[MATERIAL PROVIDED — start]
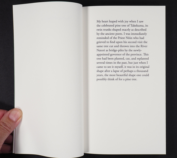I’m pleased to publish a small handmade book I have been working on. It is based on Matsuo Bashō’s Oku no Hosomichi, one of the major texts of classical Japanese literature. Specifically, it traces Bashō’s description of the pine tree of Takekuma, an immortal image that utters itself through several temporary realizations.
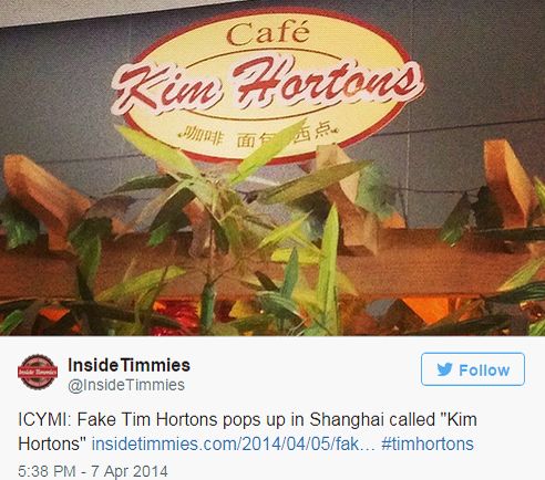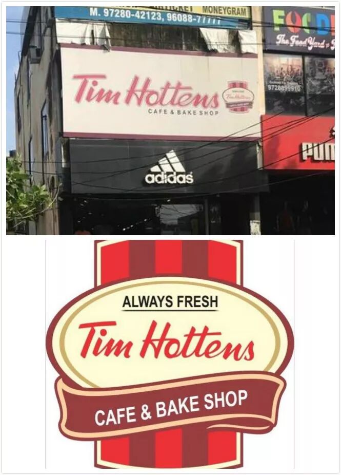 如此劣质的复刻,尽管是在印度的小城市,也足以引起正版“Tim Hortons”的注意。
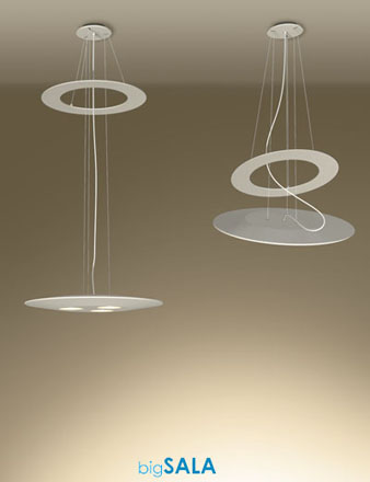 宙に浮かぶUFOのようなサスペンション・ライトの大型タイプ。 P10001と同じく高さが自在で場面に応じて器具を上下させて照らす範囲を広げたり狭めたり、 灯体を少し傾けて灯りを手元に向けたりが可能です。LEDユニットは、3ユニットでP10001の3倍。 しかし、照射範囲が100°と広く広がる光のため直下照度は、P10001程明るくは無く、 広いテーブル面を均一に照らしたい場合等に適しています。
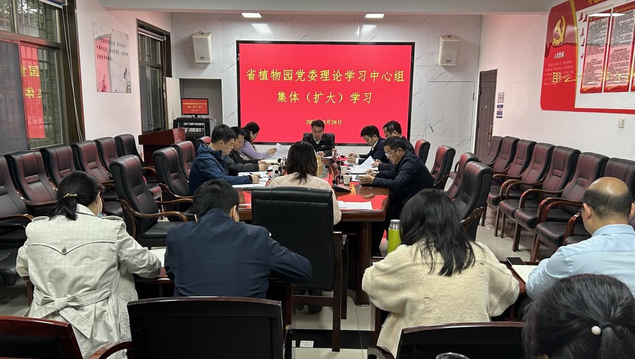 3月28日,省植物园党委理论学习中心组举行2025年第三次集体(扩大)学习,传达学习贯彻全国两会精神,并逐字逐句研学中央八项规定实施细则。园党委书记马涛主持会议,党委班子成员、各党支部书记参加学习。
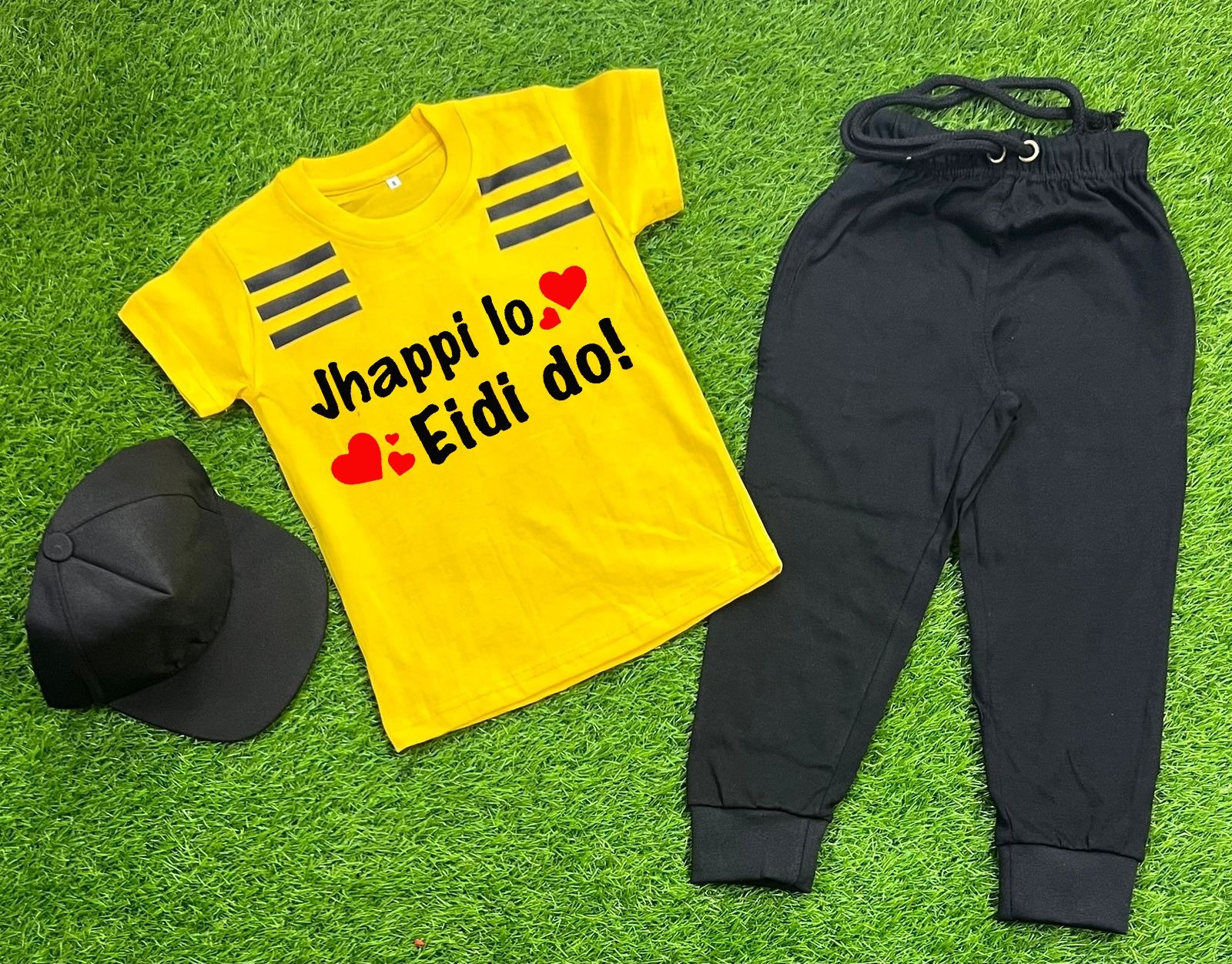 Pack Of 3 Jhappi Lo Eidi Do Yellow Tracksuite For Kid Shirt Trouser Cap
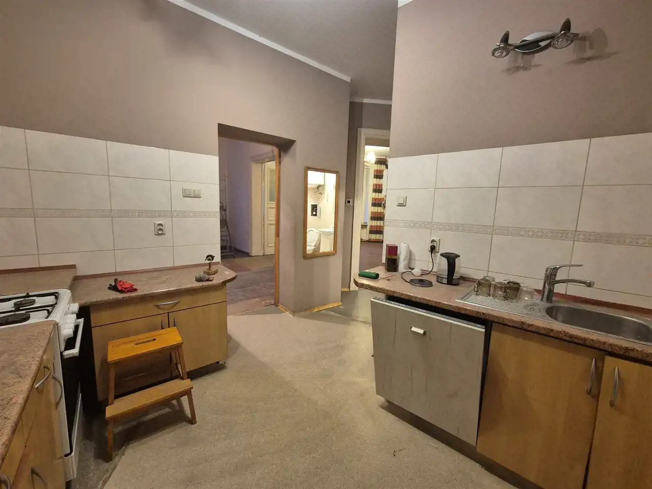 Obecnie w dużym przedpokoju zaaranżowana kuchnia z obniżonym sufitem.
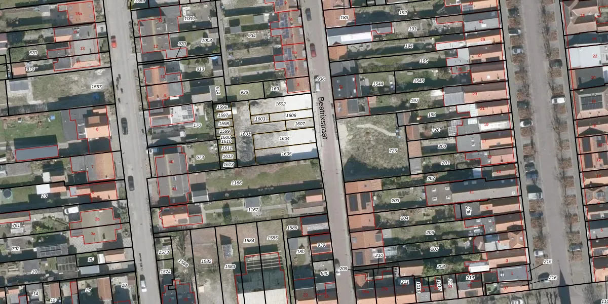 Het perceel waarop Beatrixstraat 1 staat heeft een oppervlakte van 104 m². Dit is een middelgroot perceel. De perceeloppervlakte wordt geregistreerd door het Kadaster. Gedetailleerde informatie over de maten van dit perceel kunt u vinden in het rapport Kadastrale kaart met maatvoering van Beatrixstraat 1.
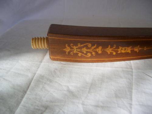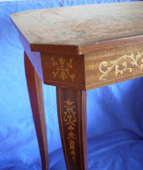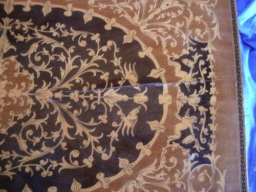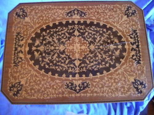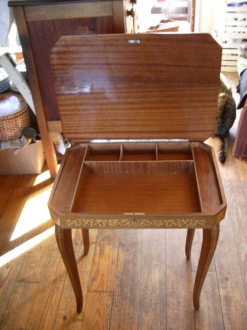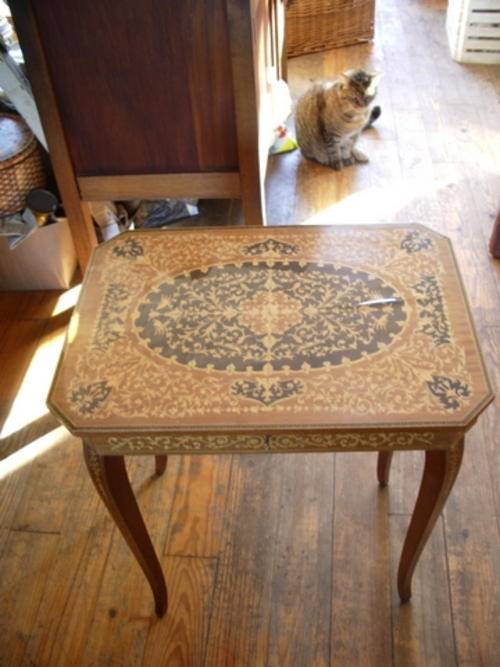 The only thing I can really see that is wrong is a crack in the veneer, as shown on the photos. The four legs all screw on, and the lock has its original key and the musical works work. This is a total beauty and very functional at the same time. If turned around, so keyhole isn't visible it would just look like a little table. These were made as needle work tables, but would make a lovely jewellery box as well.
[MATERIAL PROVIDED — finish]
### TO DO
Only the lines from the start of the records through the line containing "3月28日,省植物园党委理论" should be repeated, word for word, with the pictures left out.

### RESPONSE BELOW
I’m pleased to publish a small handmade book I have been working on. It is based on Matsuo Bashō’s Oku no Hosomichi, one of the major texts of classical Japanese literature. Specifically, it traces Bashō’s description of the pine tree of Takekuma, an immortal image that utters itself through several temporary realizations.
 如此劣质的复刻,尽管是在印度的小城市,也足以引起正版“Tim Hortons”的注意。
 宙に浮かぶUFOのようなサスペンション・ライトの大型タイプ。 P10001と同じく高さが自在で場面に応じて器具を上下させて照らす範囲を広げたり狭めたり、 灯体を少し傾けて灯りを手元に向けたりが可能です。LEDユニットは、3ユニットでP10001の3倍。 しかし、照射範囲が100°と広く広がる光のため直下照度は、P10001程明るくは無く、 広いテーブル面を均一に照らしたい場合等に適しています。
 3月28日,省植物园党委理论学习中心组举行2025年第三次集体(扩大)学习,传达学习贯彻全国两会精神,并逐字逐句研学中央八项规定实施细则。园党委书记马涛主持会议,党委班子成员、各党支部书记参加学习。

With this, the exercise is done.